Vally siap meledak, tapi Willi membungkam ledakannya dengan kalimat, "Jangan sok merasa dilecehkan, dulu juga kamu enjoy-enjoy aja kan saya sentuh?"

Astagfirullah. Tangan Vally terkepal sudah siap melayangkan bogem mentahnya. Sementara itu Willi tertawa puas sekali. Membuat sisi liar Vally tak bisa untuk terus bersemayam membiarkan dirinya diperlakukan seperti ini.

"Pak," Vally mendekat, dia tersenyum, "jangan naif, jangan pura-pura gak minat ... yang dulu semalaman gangguin saya itu siapa, ya?"

Tawa Williem berhenti.

"Selalu lain di mulut, lain di hati. Kalau saya sodorin, paling Bapak gak nolak. Mirip-mirip sama waktu kita masih seranjang. Masih ingat kan, Pak? Atau perlu saya jabarin?"

"Kamu mahasiswi kurang ajar, ya?"

"Bapak juga dosen yang minta dihajar." Vally tak mau kalah. Lagipula, siapa yang memulai?

"Kamu boleh keluar!"

Vally berdecak. "Saya juga gak betah lama-lama di sini, sumpek."

"Keluar!"

"IYA, IH, BAWEL!" kesal Vally, berteriak keki. Dia buru-buru keluar ruangan meninggalkan Willi yang nampaknya benar-benar murka, entah karena apa.
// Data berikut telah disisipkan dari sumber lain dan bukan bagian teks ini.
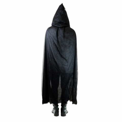 Stylowa peleryna z kapturem to efektowny dodatek do halloweenowych przebrań i wieczornych stylizacji. Uszyta z dwóch warstw materiału - kryjącej bazowej oraz prześwitującej zewnętrznej, na której znajdują się subtelne drobinki brokatu, które delikatnie połyskują przy ruchu i świetle.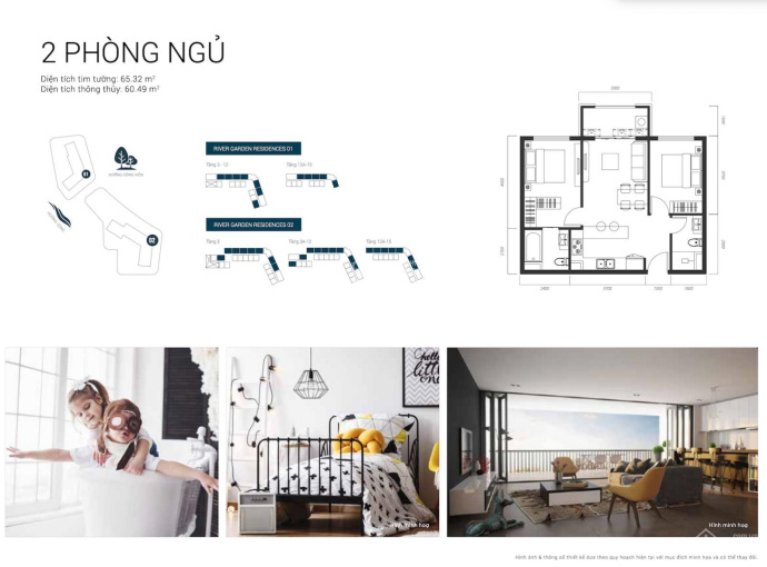 - 2 phòng ngủ 65m2, bàn giao toilet và sàn gỗ, đèn.

Selepas pintu tertutup rapat dan Vally keluar dari sana, Willi mengatur napasnya. Dia menggeram, melempar ponselnya yang memang sudah tak sedap di pandang.

Ponsel itu hancur, sama kayak hati Willi yang sudah Vally buat lebur.

Obrolan barusan mengingatkan Williem kepada kenyataan kalau masa lalunya dengan Vally itu manis, tapi kenapa sekarang malah jadi makin meringis?

Bukannya kangen sama masa lalu, tapi dia ingin saja kembali ke masa itu. Bukan untuk mengulang kesalahan, namun untuk memupus kemirisan di masa sekarang dan yang akan datang.

Yang sudah jadi mantan ... besar kemungkinan buat bisa balikan.